Well - there it goes. 2013. Only a few days are left. And what will remain of the year?
2013 started like a normal year. With a nice one-week-vacation, a solid base of work in the office.
Then... I don't know when exactly it happened. Must have been around March. Personal projects, less and less work. The summer holidays were planned too short, the weather was a midddleheavy disaster with the rain, the storm, the mud, the cold or burning heat... Recovery time? - No way.
Work trembled down the rabbit hole and soon the fear of losing the job was more than just an nasty little thing in the back of the head. Should I start looking for a new one or not? I decided against. New job? - No way.
Summer came. Well the few weeks with sun and warmth between rainy cold spring and rainy cold autumn. (What lies between spring and autumn? Winter! ) The situation became worse and worse, the head full with ideas, with fears, with problems that weren't even mine.
So a few weeks ago, in the first week of November, my body said to me "You there. You don't listen to me when I tell you to slow down? Then eat THIS!" and a small burn out hit me full in the face, literally. 6 week out of office, out of stress and searching for new energy to keep on going. One thing that helped me a lot to find my way back was a movie, called "The way" by Emilio Estevez.
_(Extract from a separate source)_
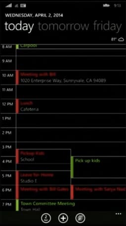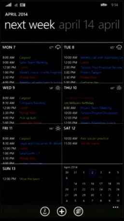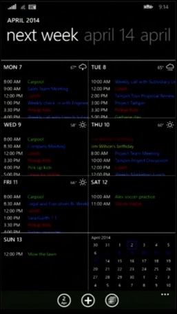 Už od prvních Windows Phone jsme Microsoftu vytýkali nedostatečný kalendář a až nyní došlo k nápravě. Nový kalendář u Windows Phone 8.1 v týdenním náhledu ukáže všechny dny týdne včetně všech událostí. Díky barevnému odlišení jednotlivých kalendářů máte vše přehledné, jak má být. Konečně!

The story: A father heads overseas to recover the body of his estranged son who died while traveling the "El camino de Santiago," and decides to take the pilgrimage himself. (imdb.com)
This movie about the son, who gave up everything for his own luck, with the father who felt responsible and resumed the journey for his son, carrying his ashes all the 500 miles, touched me right in the middle of myself, especially the question that the father gave a hostel keeper: "Have you ever walked the camino?" and she answered "No. When I was young I had too much to do. Work to be done. Now I'm too old and too lazy."
So I asked myself when will I start to live for myself? When will I start the discover what the world offers instead of hiding in my 4 walls?
For years now I push myself more and more to go on, crossing limits now and then and now I received the payback.
No one will be happy if I'm out of order, it's no help for anyone when I'm away and unable to even get the few steps to the door. And honestly, it's frightening when I ask my friends and collegues and costumers, how many of them are in the same situation, some of them for years now.
But the solution is so simple.
Take your time. Quantity is not quality. Work, yes, but let the work stay in the office. Don't take it home, not even in your head. Slow down and enjoy your life. Find the bright spots even on a rainy day. Don't close your ears and eyes for your environment. And do what you want to do. Don't get lost in excuses like "no time, no money, not the right moment". Bullshit! If you really want it, you will find a way.
Everyone has 2 lives. And the second life starts when we realise, that we have only one life.
I will go into 2014 with a colorful potpourri of ideas and plans and I'm very curious how many I will turn from a plan to an act.